> The task: Your answer must be only the lines below from the one containing "19th Moroccan Congress" through the one containing "FUNC. Menu_[]* (Auto)_[] (Custom).", copied exactly, with the pictures left out.
**** Source data ****
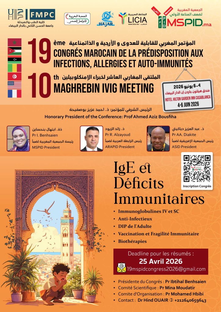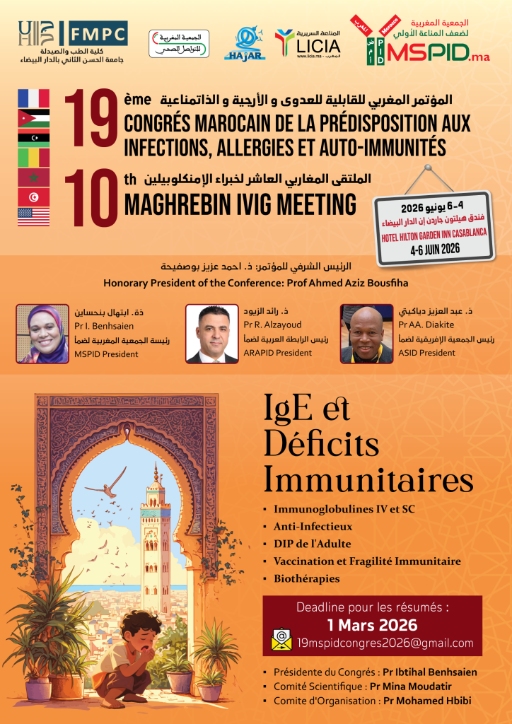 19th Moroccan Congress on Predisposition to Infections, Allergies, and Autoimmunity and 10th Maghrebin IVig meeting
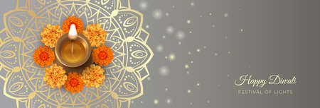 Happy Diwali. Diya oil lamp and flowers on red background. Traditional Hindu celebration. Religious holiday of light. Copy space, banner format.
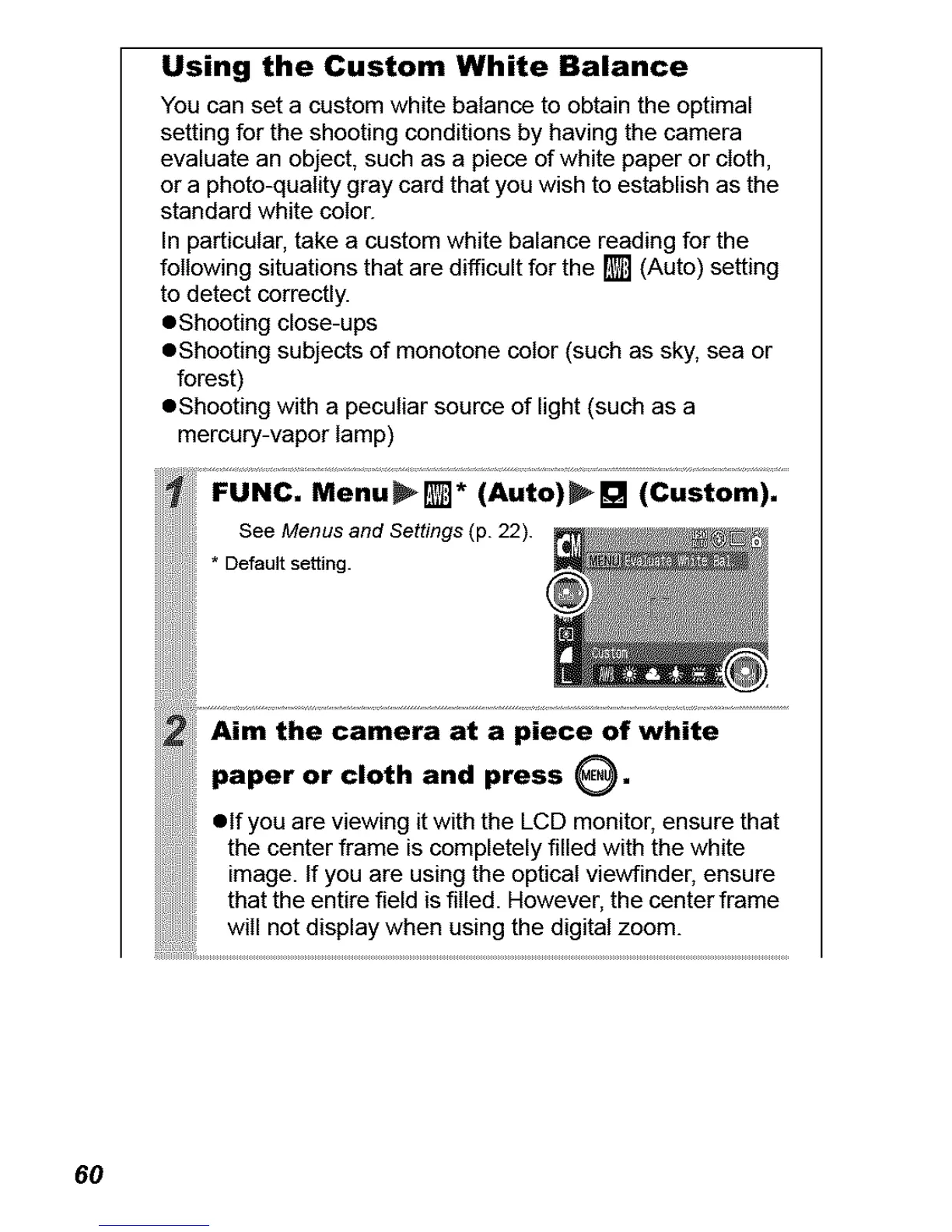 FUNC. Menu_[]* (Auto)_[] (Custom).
****
**** Source data ****
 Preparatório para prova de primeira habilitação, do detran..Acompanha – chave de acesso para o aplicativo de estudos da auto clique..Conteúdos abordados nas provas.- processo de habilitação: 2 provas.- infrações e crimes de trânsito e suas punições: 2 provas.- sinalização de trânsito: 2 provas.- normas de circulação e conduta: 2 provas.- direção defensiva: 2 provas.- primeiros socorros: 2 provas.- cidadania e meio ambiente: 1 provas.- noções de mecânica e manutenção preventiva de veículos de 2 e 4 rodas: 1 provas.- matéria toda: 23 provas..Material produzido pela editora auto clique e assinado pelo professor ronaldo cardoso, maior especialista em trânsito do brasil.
****
**** Source data ****
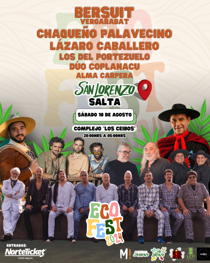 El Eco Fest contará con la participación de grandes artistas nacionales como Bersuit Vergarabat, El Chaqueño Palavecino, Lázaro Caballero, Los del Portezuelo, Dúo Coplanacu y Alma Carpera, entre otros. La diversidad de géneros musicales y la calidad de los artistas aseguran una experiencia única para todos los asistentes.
****
> Answer to this task:
 19th Moroccan Congress on Predisposition to Infections, Allergies, and Autoimmunity and 10th Maghrebin IVig meeting
 Happy Diwali. Diya oil lamp and flowers on red background. Traditional Hindu celebration. Religious holiday of light. Copy space, banner format.
 FUNC. Menu_[]* (Auto)_[] (Custom).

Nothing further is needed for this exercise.